Laying out the conditions in which he would consider exempting the antitrust commissioner from a forthcoming gas agreement, Economy Minister Arye Deri warned on Monday night that he does not intend to simply provide a “rubber stamp” on the divisive issue.
The signing of an deal among government officials and the country’s natural gas companies, slated to occur Thursday in the Security Cabinet, is contingent upon Deri’s willingness to activate Article 52 of the Antitrust Law, in which an economy minister can revoke the antitrust commissioner’s authority over a “restrictive agreement” due to reasons of foreign policy or security.
In a letter to Prime Minister Benjamin Netanyahu on Monday night, Deri expressed his concerns about rushing into activating such as article, as the clause has never been used in Israel’s history and because the Economy Ministry has participated directly in the natural gas deal.
“I do not intend to be used as a rubber stamp, and even if I do end up exercising my authority, I will do so only after delving into the details and hearing the stances and opinions of Knesset members and the general public,” Deri wrote.

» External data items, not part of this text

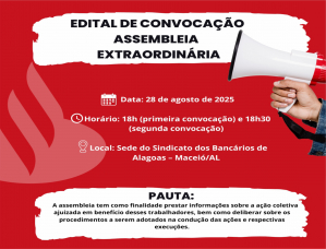 Sindicato dos Empregados em Estabelecimentos de Crédito no Estado de Alagoas, Inscrito no CNPJ/MF sob o nº 12.318.192/0001-68, Registro Sindical nº 46010.001475/00-13, por seu presidente abaixo assinado, no uso de suas atribuições, por meio deste, vem convocar funcionários e exfuncionários (dispensados após 27/08/2011) do Banco Santander, que exerceram de forma eventual ou efetiva a função de Gerente Van Gogh de 29/11/2008 até a presente data, para assembleia extraordinária para o dia 28/08/2025, às 18:00hs, a ocorrer na sede do Sindicato, em primeira convocação, e às 18:30hs em segunda, destinada aos citados empregados, com a finalidade de prestar informações acerca da ação coletiva de ajuizada em benefício destes, assim como para definir procedimentos a serem adotados na condução dessas ações e respectivas execuções.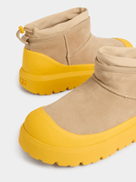 A new take on an UGG® Classic, our Classic Ultra Mini Weather Hybrid adds even more wearing ability with waterproof suede and seam-sealed construction. This version of the Classic Ultra Mini keeps the same shorter shaft, but tops it with a toggle closure to help keep out slush and snow. The lightweight sugarcane EVA outsole also gets an update with the addition of Spider Rubber® Pods for traction in slippery conditions.(Supplier Style:1174196-MMM)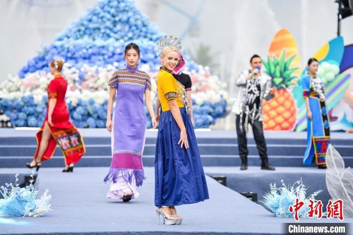 12月27日,《海的传说》新年诗歌音乐会在海南陵水举办,图为外国模特穿着海南黎锦服饰走秀。中新网记者 骆云飞 摄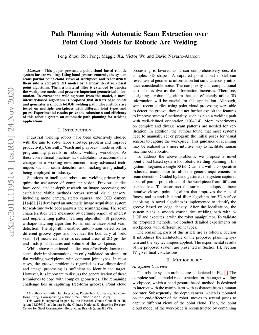 This paper presents a point cloud based robotic system for arc welding. Using hand gesture controls, the system scans partial point cloud views of workpiece and reconstructs them into a complete 3D model by a linear iterative closest point algorithm. Then, a bilateral filter is extended to denoise the workpiece model and preserve important geometrical information. To extract the welding seam from the model, a novel intensity-based algorithm is proposed that detects edge points and generates a smooth 6-DOF welding path. The methods are tested on multiple workpieces with different joint types and poses. Experimental results prove the robustness and efficiency of this robotic system on automatic path planning for welding applications.

Israel’s natural gas sector – and particularly the development of the Leviathan reservoir – has faced a stalemate since December, after Antitrust Commissioner David Gilo said he would review whether the dominance of the Delek Group and Noble Energy constitutes an illegal “restrictive agreement.”

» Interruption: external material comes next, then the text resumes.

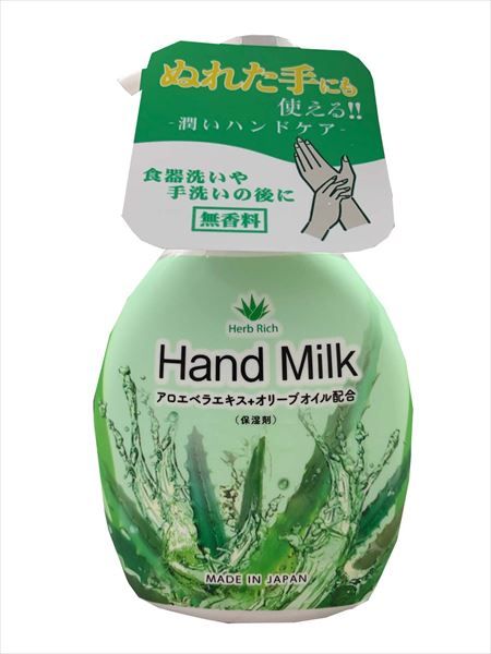 食器洗い・手洗いの後に使えるハンドミルクです。アロエ・オリーブオイル配合で手肌の隅々までしっとり包み込みます。

Although gas from the 282-billion cubic meter Tamar reservoir, located about 80 km. off the coast of Haifa, has been flowing into Israel since March 2013, development of its neighboring 621-b.cu.m. Leviathan basin has been unable to proceed as a result of disagreements among government officials and the companies.
Aiming to bring an end to months of disputes and the development freeze, an interministerial team – from the Finance Ministry, the National Economic Council and the National Infrastructure, Energy and Water Ministry – presented the Delek Group and Noble Energy with an initial compromise outline on May 6. While government officials said that companies responded favorably at the time, Gilo announced on May 25 his forthcoming August resignation due to his divergence with the other officials on the outline’s terms.
The most recent version of the proposed compromise outline would require that the Delek Group’s subsidiaries Delek Drilling and Avner Oil Exploration exit the Tamar reservoir entirely, selling their assets there within six years. Houston-based Noble Energy would only need to dilute its assets from its 36-percent share today to 25%, and could remain the basin’s operator.
Both companies would be required to sell their holdings in two much smaller offshore reservoirs, Karish and Tanin.
Unlike the previous draft of the compromise outline, which Gilo had supported, this version revoked a mandate that all of Leviathan shareholders market their gas to the Israeli market separately and posed weaker restrictions on Noble in Tamar.
In Deri’s letter to Netanyahu on Monday night, among the conditions that the economy minister demanded was the swift sale of both Karish and Tanin, in order to guarantee the quick entrance of new competition. The sale should ideally occur within a year and two months, with four more under the management of a trustee, he wrote.
In addition, the timetable in which Delek must sell its assets and in which Noble Energy must dilute its holdings in Tamar must be meticulously defined, according to Deri. He called the six-year period “reasonable,” noting that another year under the management of a trustee is also suitable.
“Beyond this, it will be difficult to create competition,” he said.
As far as the development of Karish and Tanin is concerned, Deri stressed the importance of ensuring that the reservoirs will actually have customers, by potentially reserving gas quotas for these basins and taking other measures.
In developing the Leviathan reservoir, a strict timetable for simultaneously building an additional gas intake pipeline is also crucial, in order to reduce the market’s current dependency on one such pipeline, Deri wrote. As far as the issue of marketing gas separately from Leviathan is concerned, the economy minister said that the government should reserve the option to mandate such a requirement after 10 years.
“If in another 10 years we see that there is sufficient competition in the industry, then we can allow the companies to continue marketing jointly, but there must be an examination showing that competition has developed in the industry,” Deri added.
The economy minister also called for the continued connection of factories to natural gas supplies, accompanied by joint solutions from the finance and economy ministries as to how to reduce the bureaucratic burden involved with doing so.
Lastly, Deri stressed that the price of natural gas must be “reasonable and matching global norms,” with a secure and certain gas market that attracts companies.
“Price stability will be preserved and will not rise unreasonably,” he said.
Reminding the prime minister that the government is now finalizing a gas agreement that will have impact for years to come, Deri emphasized the need to ensure that competition and benefits to the consumer are preserved.
“Without an adequate response to all of these points, it is not my intention to begin the process of activating Article 52,” Deri added.